──────── Task input

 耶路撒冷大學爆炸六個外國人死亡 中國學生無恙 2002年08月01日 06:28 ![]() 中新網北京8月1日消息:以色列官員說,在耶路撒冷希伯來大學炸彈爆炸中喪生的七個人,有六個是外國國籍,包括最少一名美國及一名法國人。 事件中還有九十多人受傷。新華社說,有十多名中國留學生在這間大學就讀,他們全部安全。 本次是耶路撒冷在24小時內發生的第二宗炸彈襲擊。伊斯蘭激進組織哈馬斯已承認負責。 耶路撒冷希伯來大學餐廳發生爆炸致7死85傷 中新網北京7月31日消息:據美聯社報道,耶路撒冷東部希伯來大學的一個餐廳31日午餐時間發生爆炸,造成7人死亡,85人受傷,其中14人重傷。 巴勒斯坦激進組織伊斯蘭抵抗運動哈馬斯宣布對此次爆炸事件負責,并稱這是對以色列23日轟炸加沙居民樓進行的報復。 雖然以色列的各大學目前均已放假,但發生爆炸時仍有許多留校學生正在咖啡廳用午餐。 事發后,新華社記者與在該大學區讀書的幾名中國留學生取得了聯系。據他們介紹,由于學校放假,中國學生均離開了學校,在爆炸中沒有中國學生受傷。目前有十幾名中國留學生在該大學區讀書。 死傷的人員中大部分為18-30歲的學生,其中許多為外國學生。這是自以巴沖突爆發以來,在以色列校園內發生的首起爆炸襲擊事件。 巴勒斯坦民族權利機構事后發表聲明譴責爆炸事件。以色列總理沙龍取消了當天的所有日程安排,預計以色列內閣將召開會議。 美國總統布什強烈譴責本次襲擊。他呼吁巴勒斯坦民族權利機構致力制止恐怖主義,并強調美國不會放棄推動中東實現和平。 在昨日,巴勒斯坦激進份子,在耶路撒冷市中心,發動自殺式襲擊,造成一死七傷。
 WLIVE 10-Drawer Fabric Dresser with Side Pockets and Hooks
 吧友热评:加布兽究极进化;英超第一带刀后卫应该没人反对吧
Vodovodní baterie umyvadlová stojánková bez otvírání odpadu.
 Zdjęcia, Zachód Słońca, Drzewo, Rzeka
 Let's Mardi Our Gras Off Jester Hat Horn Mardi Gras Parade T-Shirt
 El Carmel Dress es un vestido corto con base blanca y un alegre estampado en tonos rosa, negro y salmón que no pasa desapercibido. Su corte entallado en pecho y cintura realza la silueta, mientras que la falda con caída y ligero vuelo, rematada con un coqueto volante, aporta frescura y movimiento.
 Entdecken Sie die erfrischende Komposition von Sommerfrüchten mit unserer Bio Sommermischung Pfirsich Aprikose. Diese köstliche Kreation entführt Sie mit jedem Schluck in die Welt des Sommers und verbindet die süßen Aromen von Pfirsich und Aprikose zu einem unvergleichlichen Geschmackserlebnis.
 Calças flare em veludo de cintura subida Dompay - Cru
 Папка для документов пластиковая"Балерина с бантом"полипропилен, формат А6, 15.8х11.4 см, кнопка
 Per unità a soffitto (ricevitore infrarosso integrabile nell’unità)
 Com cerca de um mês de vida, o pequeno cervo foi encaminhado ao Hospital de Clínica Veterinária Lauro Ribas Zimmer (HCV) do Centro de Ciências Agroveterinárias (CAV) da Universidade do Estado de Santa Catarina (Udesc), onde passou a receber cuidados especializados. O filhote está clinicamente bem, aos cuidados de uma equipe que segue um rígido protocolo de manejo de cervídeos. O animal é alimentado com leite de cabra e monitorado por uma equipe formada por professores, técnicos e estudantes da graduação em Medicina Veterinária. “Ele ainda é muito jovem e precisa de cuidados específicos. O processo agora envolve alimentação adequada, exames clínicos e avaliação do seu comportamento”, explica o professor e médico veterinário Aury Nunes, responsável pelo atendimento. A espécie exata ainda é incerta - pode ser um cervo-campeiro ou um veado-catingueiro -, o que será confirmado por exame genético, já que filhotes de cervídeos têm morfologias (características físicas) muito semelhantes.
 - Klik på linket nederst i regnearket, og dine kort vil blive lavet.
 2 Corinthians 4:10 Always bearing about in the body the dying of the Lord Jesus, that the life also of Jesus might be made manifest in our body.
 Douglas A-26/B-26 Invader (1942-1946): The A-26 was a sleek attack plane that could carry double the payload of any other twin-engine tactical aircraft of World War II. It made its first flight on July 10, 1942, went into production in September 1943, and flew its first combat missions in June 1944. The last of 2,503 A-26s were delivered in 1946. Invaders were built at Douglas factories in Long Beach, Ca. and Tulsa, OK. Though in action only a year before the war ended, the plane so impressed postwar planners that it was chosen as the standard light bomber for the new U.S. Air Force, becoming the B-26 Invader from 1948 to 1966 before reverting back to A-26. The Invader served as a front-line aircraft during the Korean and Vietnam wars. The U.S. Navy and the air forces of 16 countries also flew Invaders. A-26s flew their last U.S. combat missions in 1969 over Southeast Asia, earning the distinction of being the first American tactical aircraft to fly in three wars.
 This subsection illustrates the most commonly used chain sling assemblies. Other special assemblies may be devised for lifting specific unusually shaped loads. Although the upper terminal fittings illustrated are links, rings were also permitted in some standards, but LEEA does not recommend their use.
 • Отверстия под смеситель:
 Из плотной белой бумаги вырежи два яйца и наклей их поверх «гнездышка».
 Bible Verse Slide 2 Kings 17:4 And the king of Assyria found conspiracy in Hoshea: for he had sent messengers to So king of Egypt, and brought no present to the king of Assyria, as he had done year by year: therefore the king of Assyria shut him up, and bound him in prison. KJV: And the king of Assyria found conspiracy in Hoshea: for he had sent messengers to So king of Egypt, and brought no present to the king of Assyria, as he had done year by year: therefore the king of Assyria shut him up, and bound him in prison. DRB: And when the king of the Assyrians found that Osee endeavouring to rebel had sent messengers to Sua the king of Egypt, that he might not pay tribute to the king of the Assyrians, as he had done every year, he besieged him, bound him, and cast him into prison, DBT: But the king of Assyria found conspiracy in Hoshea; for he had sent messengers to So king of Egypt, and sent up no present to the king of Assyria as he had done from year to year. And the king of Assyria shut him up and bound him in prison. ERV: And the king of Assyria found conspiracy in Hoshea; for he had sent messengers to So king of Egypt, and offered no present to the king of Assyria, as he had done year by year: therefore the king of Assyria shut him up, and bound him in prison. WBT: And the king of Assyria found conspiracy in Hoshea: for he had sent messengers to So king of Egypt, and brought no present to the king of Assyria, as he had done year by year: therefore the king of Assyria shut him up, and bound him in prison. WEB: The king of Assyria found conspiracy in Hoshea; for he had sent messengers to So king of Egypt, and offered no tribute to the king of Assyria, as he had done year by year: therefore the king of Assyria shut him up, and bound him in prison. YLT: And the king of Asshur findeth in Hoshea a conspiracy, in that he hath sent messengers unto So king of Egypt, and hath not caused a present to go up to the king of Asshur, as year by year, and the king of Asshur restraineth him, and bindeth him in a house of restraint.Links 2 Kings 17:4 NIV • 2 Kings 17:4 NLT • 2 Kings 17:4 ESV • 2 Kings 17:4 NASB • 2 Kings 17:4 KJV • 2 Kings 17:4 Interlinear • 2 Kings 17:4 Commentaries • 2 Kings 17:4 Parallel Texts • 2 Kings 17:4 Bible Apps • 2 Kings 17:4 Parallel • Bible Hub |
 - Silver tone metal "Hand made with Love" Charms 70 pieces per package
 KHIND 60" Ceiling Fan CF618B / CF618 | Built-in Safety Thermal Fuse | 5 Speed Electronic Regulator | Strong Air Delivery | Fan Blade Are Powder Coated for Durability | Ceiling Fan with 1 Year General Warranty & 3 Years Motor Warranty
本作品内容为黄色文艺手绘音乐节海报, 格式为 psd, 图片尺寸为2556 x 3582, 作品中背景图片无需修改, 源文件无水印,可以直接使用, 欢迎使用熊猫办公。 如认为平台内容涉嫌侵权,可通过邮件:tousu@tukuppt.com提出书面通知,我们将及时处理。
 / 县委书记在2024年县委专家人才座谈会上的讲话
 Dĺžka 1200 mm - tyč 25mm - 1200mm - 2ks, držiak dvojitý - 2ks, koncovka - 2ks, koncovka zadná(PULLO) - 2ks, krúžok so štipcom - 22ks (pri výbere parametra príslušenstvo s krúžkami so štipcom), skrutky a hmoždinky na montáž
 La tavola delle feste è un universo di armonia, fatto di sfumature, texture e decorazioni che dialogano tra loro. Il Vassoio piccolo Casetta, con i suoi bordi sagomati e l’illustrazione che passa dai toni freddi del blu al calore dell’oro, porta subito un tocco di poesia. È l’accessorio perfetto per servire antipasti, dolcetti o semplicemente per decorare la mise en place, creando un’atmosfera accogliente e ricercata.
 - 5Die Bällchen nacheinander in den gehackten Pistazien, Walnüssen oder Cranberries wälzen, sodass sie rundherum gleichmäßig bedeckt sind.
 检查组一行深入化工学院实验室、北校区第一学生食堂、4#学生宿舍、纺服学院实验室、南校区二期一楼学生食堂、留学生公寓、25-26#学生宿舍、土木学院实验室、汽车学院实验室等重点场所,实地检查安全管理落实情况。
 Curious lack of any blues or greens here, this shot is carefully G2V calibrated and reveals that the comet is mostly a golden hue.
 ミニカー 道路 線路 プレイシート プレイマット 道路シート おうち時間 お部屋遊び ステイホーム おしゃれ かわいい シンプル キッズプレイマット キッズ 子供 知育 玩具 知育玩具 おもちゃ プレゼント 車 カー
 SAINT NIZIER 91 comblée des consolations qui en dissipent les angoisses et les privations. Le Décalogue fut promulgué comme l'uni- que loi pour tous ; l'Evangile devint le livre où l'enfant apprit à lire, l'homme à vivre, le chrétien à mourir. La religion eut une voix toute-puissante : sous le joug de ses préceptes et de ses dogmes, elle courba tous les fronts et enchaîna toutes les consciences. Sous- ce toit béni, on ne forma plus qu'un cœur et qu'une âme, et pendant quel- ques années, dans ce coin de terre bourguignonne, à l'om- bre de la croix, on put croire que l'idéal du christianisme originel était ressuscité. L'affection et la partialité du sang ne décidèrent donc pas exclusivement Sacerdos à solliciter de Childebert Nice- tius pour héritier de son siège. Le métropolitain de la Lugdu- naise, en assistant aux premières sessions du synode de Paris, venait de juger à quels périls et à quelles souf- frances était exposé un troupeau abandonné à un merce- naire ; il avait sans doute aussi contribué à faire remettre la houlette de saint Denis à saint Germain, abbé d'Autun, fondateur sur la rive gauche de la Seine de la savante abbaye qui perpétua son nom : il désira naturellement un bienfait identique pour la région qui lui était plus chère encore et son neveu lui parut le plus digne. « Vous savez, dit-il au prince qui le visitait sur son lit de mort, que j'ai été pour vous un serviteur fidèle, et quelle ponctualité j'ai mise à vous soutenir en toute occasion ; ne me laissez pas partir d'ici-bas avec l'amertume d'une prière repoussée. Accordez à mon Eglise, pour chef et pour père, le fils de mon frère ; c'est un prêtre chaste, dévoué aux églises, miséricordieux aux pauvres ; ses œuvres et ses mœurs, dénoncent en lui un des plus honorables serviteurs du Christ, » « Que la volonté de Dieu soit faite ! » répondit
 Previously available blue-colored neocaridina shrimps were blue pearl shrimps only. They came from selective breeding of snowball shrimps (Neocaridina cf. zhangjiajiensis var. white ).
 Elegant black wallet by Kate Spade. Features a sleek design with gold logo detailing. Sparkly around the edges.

────────────────

What to work on:
Your output is to be the lines of the listing, exact and complete, starting at the first and ending with the line that contains "Let's Mardi Our".

Response for this exercise:
 耶路撒冷大學爆炸六個外國人死亡 中國學生無恙 2002年08月01日 06:28 ![]() 中新網北京8月1日消息:以色列官員說,在耶路撒冷希伯來大學炸彈爆炸中喪生的七個人,有六個是外國國籍,包括最少一名美國及一名法國人。 事件中還有九十多人受傷。新華社說,有十多名中國留學生在這間大學就讀,他們全部安全。 本次是耶路撒冷在24小時內發生的第二宗炸彈襲擊。伊斯蘭激進組織哈馬斯已承認負責。 耶路撒冷希伯來大學餐廳發生爆炸致7死85傷 中新網北京7月31日消息:據美聯社報道,耶路撒冷東部希伯來大學的一個餐廳31日午餐時間發生爆炸,造成7人死亡,85人受傷,其中14人重傷。 巴勒斯坦激進組織伊斯蘭抵抗運動哈馬斯宣布對此次爆炸事件負責,并稱這是對以色列23日轟炸加沙居民樓進行的報復。 雖然以色列的各大學目前均已放假,但發生爆炸時仍有許多留校學生正在咖啡廳用午餐。 事發后,新華社記者與在該大學區讀書的幾名中國留學生取得了聯系。據他們介紹,由于學校放假,中國學生均離開了學校,在爆炸中沒有中國學生受傷。目前有十幾名中國留學生在該大學區讀書。 死傷的人員中大部分為18-30歲的學生,其中許多為外國學生。這是自以巴沖突爆發以來,在以色列校園內發生的首起爆炸襲擊事件。 巴勒斯坦民族權利機構事后發表聲明譴責爆炸事件。以色列總理沙龍取消了當天的所有日程安排,預計以色列內閣將召開會議。 美國總統布什強烈譴責本次襲擊。他呼吁巴勒斯坦民族權利機構致力制止恐怖主義,并強調美國不會放棄推動中東實現和平。 在昨日,巴勒斯坦激進份子,在耶路撒冷市中心,發動自殺式襲擊,造成一死七傷。
 WLIVE 10-Drawer Fabric Dresser with Side Pockets and Hooks
 吧友热评:加布兽究极进化;英超第一带刀后卫应该没人反对吧
Vodovodní baterie umyvadlová stojánková bez otvírání odpadu.
 Zdjęcia, Zachód Słońca, Drzewo, Rzeka
 Let's Mardi Our Gras Off Jester Hat Horn Mardi Gras Parade T-Shirt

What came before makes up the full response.